Мы затоптали окурки и сели в машину. Серж включил мотор, а потом стал вглядываться в заднее зеркало, медленно выдвигаясь из стоянки. Я подождала, пока мы не выползли на улицу и не поехали вперед, уже с нормальной скоростью.
– А во-вторых?
Пришлось перекрикивать звон монет: именно в тот момент машину резко дернуло на повороте.
Только сейчас я подумала, что Серж выпил, и выпил за маминым обедом не так уж мало. Говорил он, правда, вполне трезво, но машину заносило на каждом углу. Мне вспомнилось то, что до сих пор я усердно старалась выбросить из головы: советы Деби не ехать в Рино, а потом взгляд Анжелы мне вслед и как качала головой старая гадалка. Рино не Сан-Франциско, до дома Сержа было совсем не далеко, тем не менее я отчаянно вцепилась в ручку на дверце, и все равно чувствовала, как меня мотает, болтает и укачивает опять до тошноты.
Справившись с очередным креном, Серж спросил: – Что – во-вторых?
– Ну, о Вадиме ты говорил "Во-первых", – напомнила я.

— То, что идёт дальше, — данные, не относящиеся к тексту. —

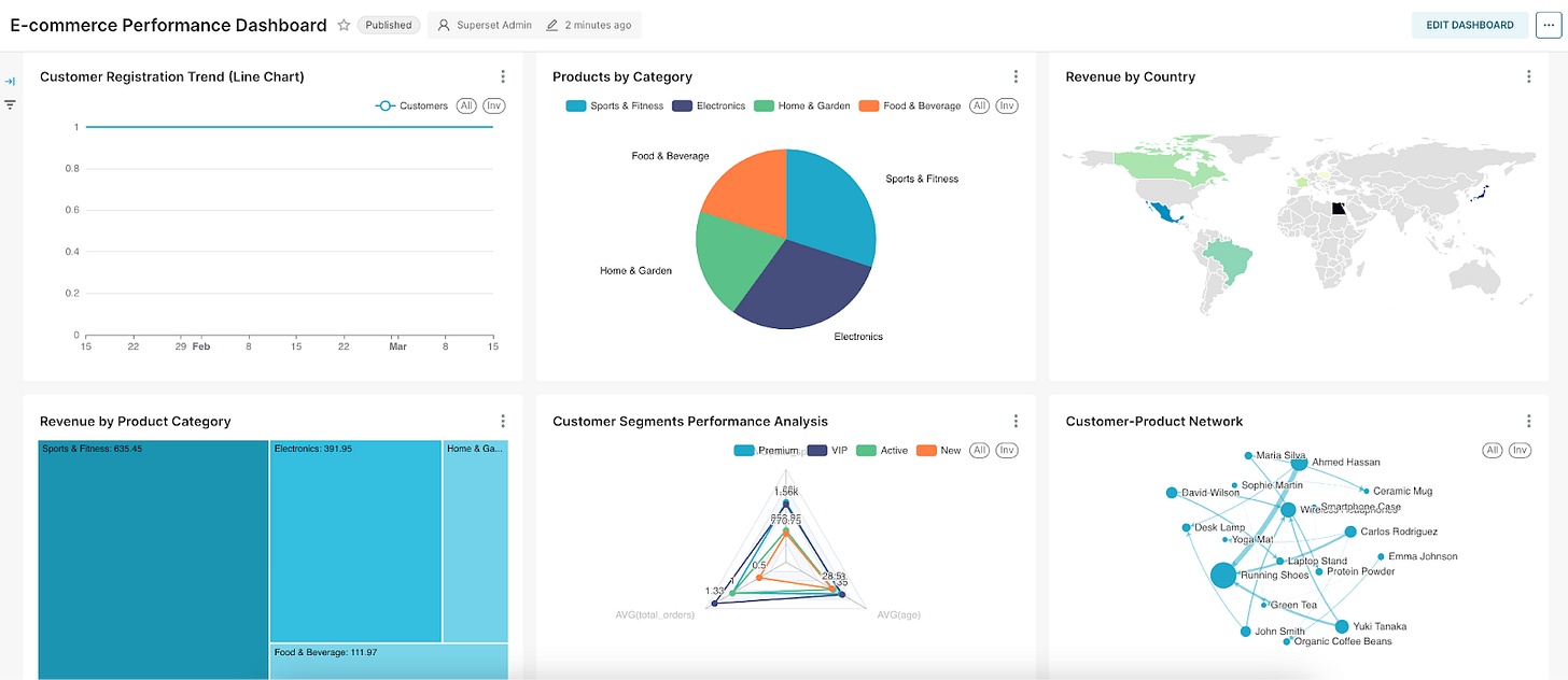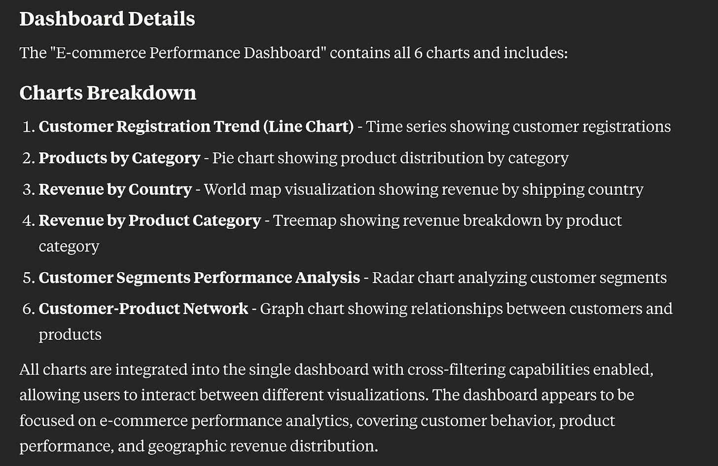 Once connected, we can create a few simple charts from the database tables and organize them into an E-commerce Performance Dashboard.
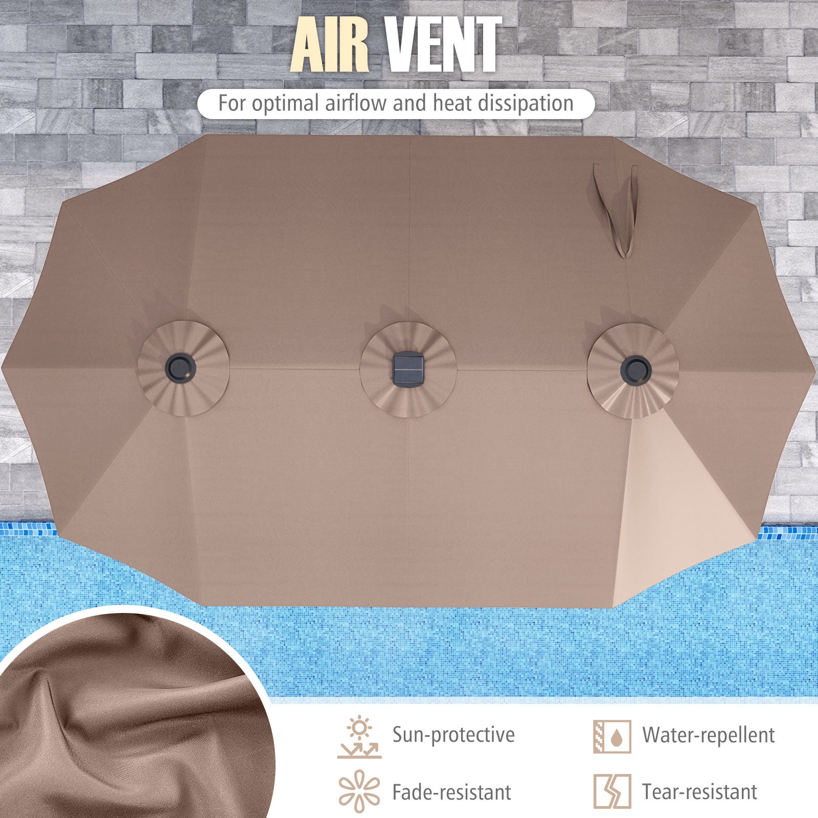 15.5 FT Extra-Large Patio Umbrella with LED Solar Lights and Crank Handle-Brown

– А... – протянул Серж. – Я думал, это было давно и неправда... Впрочем, ладно; наверно, во-вторых тоже о нем. Я хотел сказать, что если даже все так закручено, что это действительно Вадим, то, значит, мы с тобой – двоюродные, да и то только по отцам. В этом смысле, кажется, все в порядке: не совсем же родные все-таки. И это могло бы многое объяснить. Ведь у нас с тобой может во многом быть один и тот же генетический набор. Допустим, не во внешности, зато во многих чертах характера.
– А общие сны? Тоже генетический набор?
– А кто, собственно, знает на сто процентов природу снов? А вдруг?
Я покачала головой: – Не нравится мне эта идея. То есть, насчет генетического набора – тут действительно все может быть, только я хочу сказать, что одно это ничего еще не объясняет: должно быть что-то еще.
– А что еще?
– Что такое вообще человек? – сказала я. – Слушай, да не дергай ты так, ты мне все кишки уже вымотал. Сейчас как заблюю тебе машину, не посмотрю, что у нас одинаковые сны.
– Извини, – вскричал Серж. – Это яма какая-то непредвиденная. Ну прямо Россия, да и только.
– У тебя вообще вся дорога – это одна сплошная яма.
– Я сказал – извини. Да тут уже близко, не ругайся, терпи, казак.
– Я не ругаюсь, – уже миролюбиво сказала я. – Это у меня крик души.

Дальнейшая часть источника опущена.